Duncan Parsons (born 25 October 1971) is a British drummer and singer/songwriter. He grew up in the South of England, attending The Skinners' School in Tunbridge Wells.

Although his primary instrument is drums, he also plays guitar, bass, mandolin and keyboards, and is a sound engineer/producer.

He is also a programmer, working with GForce.

In the 1990s
Duncan's music career started with school and university bands. After having been drumming for a number of years, in 1993 he received some tuition from Bill Bruford.

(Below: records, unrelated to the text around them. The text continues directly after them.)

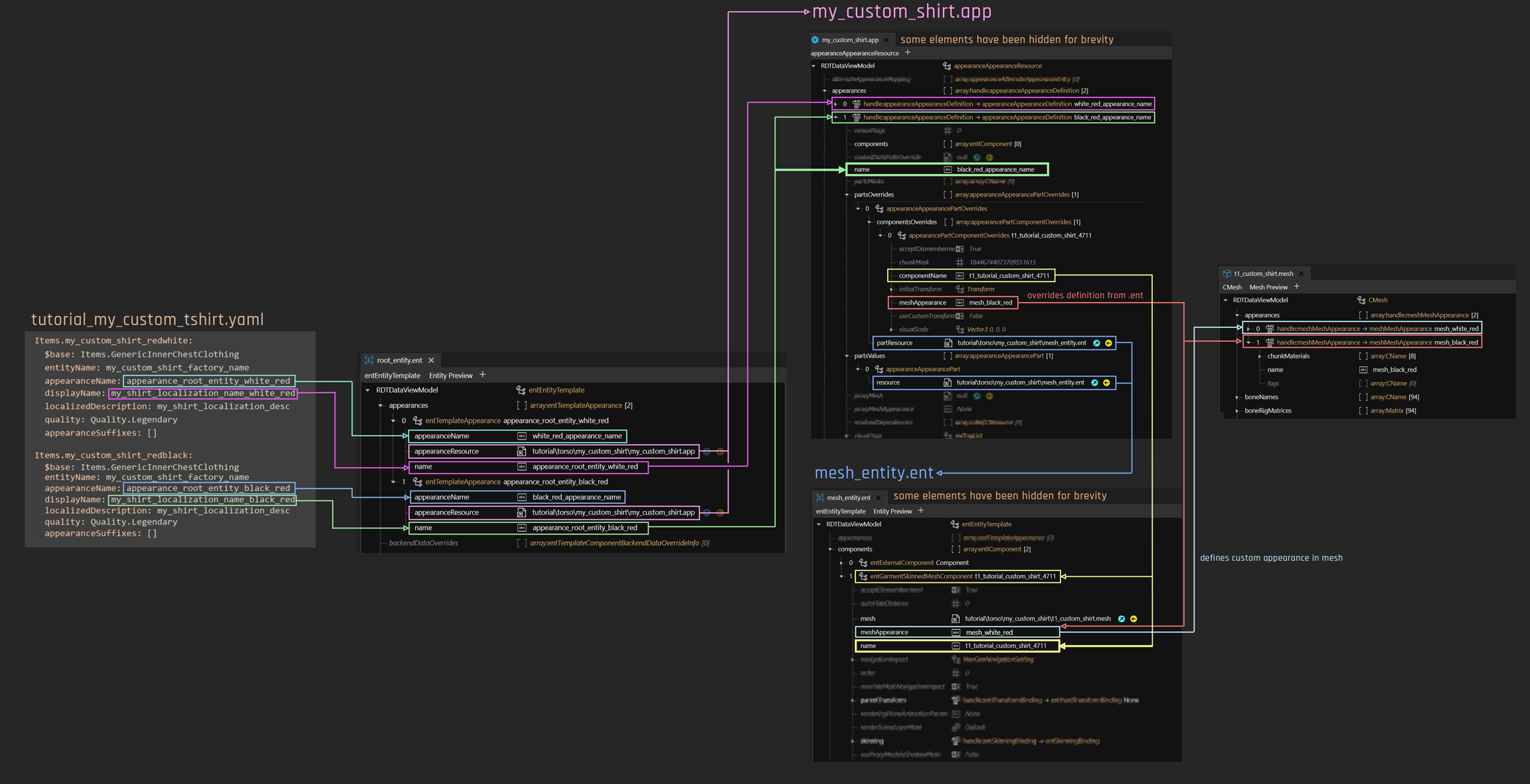 Contains a list of appearances as mapped by rootentity.ent. Each of the appearances will load mesh_entity.ent via partsValues and specify
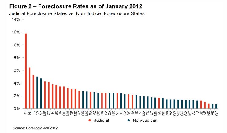 “The pace of completed foreclosures is gradually increasing again, but the clearing ratio is falling as REO sales have slowed in the winter months. Judicial foreclosure states1 are continuing to process foreclosures more slowly than non-judicial foreclosure states,” said Dr. Mark Fleming, chief economist with CoreLogic. “Non-judicial foreclosure states completed almost twice as many foreclosures per 1000 active loans as judicial foreclosure states in January.”
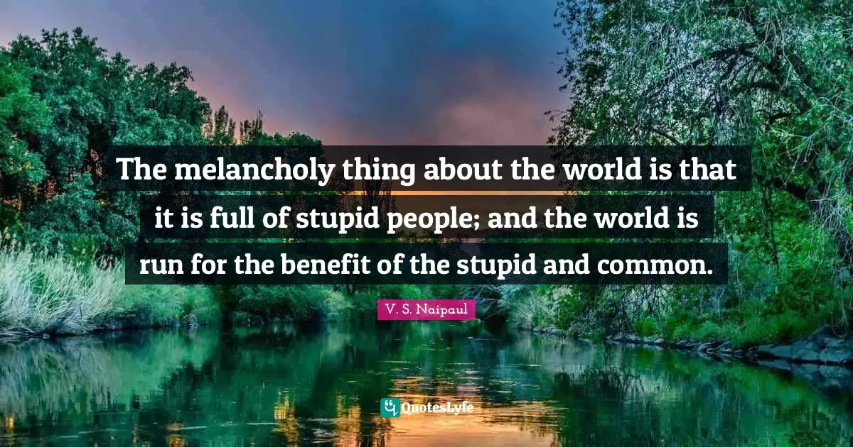 This page presents the quote "The melancholy thing about the world is that it is full of stupid people; and the world is run for the benefit of the stupid and common.". Author of this quote is V. S. Naipaul. This quote is about stupid, stupid people, people, melancholy, common, running, world,.
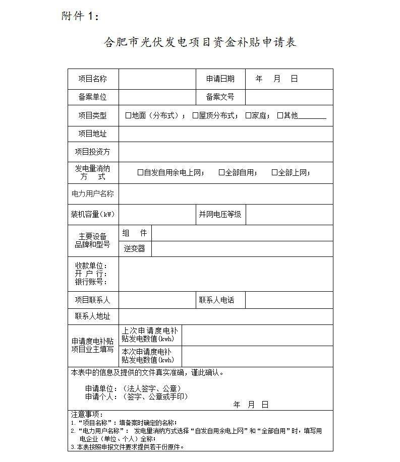 附件:1.合肥市光伏发电项目资金补贴申请表
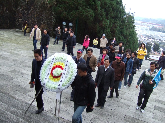 在井冈山根据地烈士陵园,大家满怀崇敬之情向所有为革命献出生命的先烈敬献了花篮,寄托无尽的哀思。接着,党支部在这里举行了一次具有特殊意义的入党宣誓仪式,所有的党员在鲜艳的党旗下齐刷刷地举起右手,面对一万五千余名死难的革命烈士庄严宣誓:“我志愿加入中国共产党,拥护党的纲领,遵守党的章程,履行党员义务……”
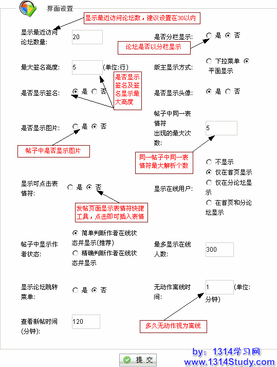 后台 => 论坛 => 常规选项 => 界面设置,即可看到下图所示:

His early recorded work was with Marc Catley, with whom he recorded three full albums, and a number of contributions to other albums between 1993 and 1996. Two of the albums (Hot Air For Jesus and No Tomorrow) were Christian satirical music, later combined into the release Char; the other (as Paley's Watch) was the progressive rock album November, released in 1994, featuring singer  Marianne Velvart.

Later in the 1990s Duncan worked with various artists, including film-maker Philip Clemo, Marianne Velvart's band, and folk singer Judith Silver.

Solo work
From the late 1990s through to the early 2010s, Duncan largely withdrew from public involvement with music, until the release of Abandoned Buildings in 2012, a collection of 18 tracks described as "a song cycle with an emotional arc telling of grace against a backdrop of falling in love and failing in love." This was followed by another, more progressive album C:Ore in 2014. Whilst Duncan plays the majority of the instruments on these albums, they also have featured guest appearances from John Hackett, Steve Hackett, Gary Boyle, Raul D'Oliveira, Ton Scherpenzeel, and Daughters Of Davis.

Alongside these larger scale releases, Parsons has also released two pseudo ambient albums under the banner Music for Stairlifts, Vol.1 and Vol.2: (Adapting Silent Films) For The Radio.

When performing live, Duncan normally sings accompanying himself on a nylon strung guitar (carrying on in the tradition of Marc Catley's Classical Acoustic Rock). He performs arrangements of his own works from solo albums, as well as songs by Supertramp, King Crimson, Family, Chaka Khan, Jethro Tull, The Moody Blues, and others.

Video
In support of Abandoned Buildings, Parsons drew an animated film to accompany the album. Ten of the eighteen album tracks were used in full (along with an instrumental excerpt from the track Answerphone) to create a 45-minute animated cartoon, following the same emotional arc as the album. A DVD was released, The Abandoned Buildings Cinema Show, shortly after the CD. This included a bonus feature of an additional animation for the instrumental track Tumblé d'Amour.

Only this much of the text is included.